The Detected RDP Brute Force analytic rule runs a KQL query looking for (in our example) 2 Event ID 4625 failures from the same IP within a time window. If the query returns a result (more than 0 results) this is considered as an incident registered by this analytics rule.

The automated response is an Automation Rule, it can be created from this window of the Analytics Rule wizard or from its own page (next step).

Step 4: The Automation Rule

Finally an Automation Rule is configured in Sentinel to trigger the playbook every time the incident named Detected RDP Brute Force is created.

The Complete Flow

Analytics Rule (NRT) detects ≥2 Event ID 4625 from same IP
         ↓
Sentinel incident created: "Detected RDP Brute Force"
         ↓
Automation Rule fires → Block_IP_playbook triggered
         ↓
Logic App extracts attacker IPs from incident entities
         ↓
SentinelBlockedIPs NSG rule updated with new IP
         ↓
All inbound traffic from that IP denied at priority 100

Every 5 minutes (the lowest rate that the scheduled query can be run at) the analytics rule runs the query, and the playbook will automatically block the extracted IP addresses from that query.

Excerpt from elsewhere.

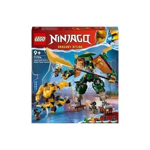Copiii de 9 ani pot interpreta scene palpitante de antrenament si lupte din seria TV NINJAGO Dragons Rising cu setul Robotii din echipa ninja a lui Lloyd si Arin 71794 . Acest set de constructie cu totul nou contine robotii articulati ai maestrului ninja Lloyd si discipolului sau Arin care pot fi combinati pentru a crea un robot mai mare si foarte inarmat pentru joaca nelimitata. 5 minifigurine pentru lupte memorabile Acest set cu robot include 5 minifigurine. Maestrul ninja Lloyd este inarmat cu 2 sabii katana iar discipolul sau Arin are 2 sabii katana si o grapina. Cei doi se lupta cu maleficul trio format din Rapton care detine o sabie imperiala comandantul garzii imperiale care are un toiag si generalul imperial Claw inarmat cu o sabie imperiala. Acest set le ofera copiilor tot ce au nevoie pentru a interpreta pe roluri nenumarate infruntari spectaculoase. Aplicatia LEGO Builder Cu aplicatia LEGO Builder tu si copilul tau veti fi ghidati intr-o aventura de constructie usoara si intuitiva. Apropie si roteste modelele in 3D salveaza seturi si monitorizeaza-ti progresul. Set unic cu 2 roboti - Fanii ninja de 9 ani pot recrea scene de antrenament si lupta din seria TV NINJAGO Dragons Rising cu setul Robotii din echipa ninja a lui Lloyd si Arin 71794 5 minifigurine - Setul ninja include minifigurinele maestrul ninja Lloyd si discipolul sau Arin care ii infrunta pe Rapton comandantul garzii imperiale si generalul imperial Claw Combina 2 roboti articulati - In premiera copiii pot combina 2 roboti pentru a crea un robot mai mare si foarte inarmat atasand robotul lui Arin de pieptul robotului lui Lloyd Mai multa actiune ninja - Cauta seturile Motocicleta de viteza robot transformator a Sorei 71792 Nucleele energetice din Templul Dragonului 71795 si alte seturi din gama LEGO NINJAGO Constructie si joaca - Acest set din 764 de piese le ofera ocazia fanilor ninja infocati sa se bucure de o constructie captivanta inainte sa infrunte fortele raului. Poate fi daruit de ziua de nastere sau oricand Model de etalat - Cand robotii sunt combinati modelul rezultat are 28 cm in inaltime si poate fi etalat in dormitoarele copiilor in pauzele de la joaca Un nou mod de a construi - Aplicatia LEGO Builder ii ghideaza pe copii intr-o aventura de constructie intuitiva. Ei pot salva seturi isi pot monitoriza progresul pot apropia si roti modelele in 3D in timp ce le construiesc Calitate superioara - De mai bine de 6 decenii caramizile LEGO au fost fabricate pentru a garanta ca se conecteaza de fiecare data Mereu in maini sigure - Caramizile de construit LEGO respecta standarde globale de siguranta. Atentie Contraindicat copiilor mai mici de 3 ani. Jucaria produsul poate contine piese mici care se pot inghiti sau inhala existand pericolul de sufocare. Nu lasati ambalajele jucariilor produselor la indemana copiilor. Indepartati orice ambalaj al jucariei produsului inainte de a da jucaria produsul copilului. Va rugam sa supravegheati copilul in timp ce se joaca foloseste acest produs. Pastrati instructiunile si etichetele pentru referinte viitoare. Pastrati jucaria produsul departe de foc feriti jucaria produsul de temperaturi ridicate si umiditate.

Switching to Near Real-Time Rules

The initial analytics rule ran every 5 minutes, this could leave a window of up to 5 minutes of brute force attempts to an attacker. Replacing it with an NRT (Near Real-Time) rule cuts the detection-to-block window to approximately one minute. The scheduled rule is disabled and the a new NRT rule is created (replaced the old rule’s name to keep overall change to a minimum).

The NSG block list is cleared before running a clean end-to-end test.

Live End-to-End Test

A few deliberate failed RDP logins are triggered from my personal machine (IP *.2.245.56).

The logs show the failed attempts at 2:25.

RDP connection attempts from the blocked machine are no longer allowed.

Conclusion

This lab walked through the full lifecycle of a cloud honeypot: provisioning intentionally exposed infrastructure, building a centralized SIEM pipeline with Log Analytics and Sentinel, visualizing attacker origins on a live geo map, hardening the system through defense-in-depth, and finally wiring an automated playbook to detect and block attackers at the NSG level without any manual step.

Each component — the NSG, Windows Firewall, AMA connector, GeoIP watchlist, analytics rule, Logic App, and automation rule — was configured to serve a specific purpose within the detection and response chain. The end result is a working SOC workflow running entirely in Azure, from raw log ingestion to automated firewall enforcement.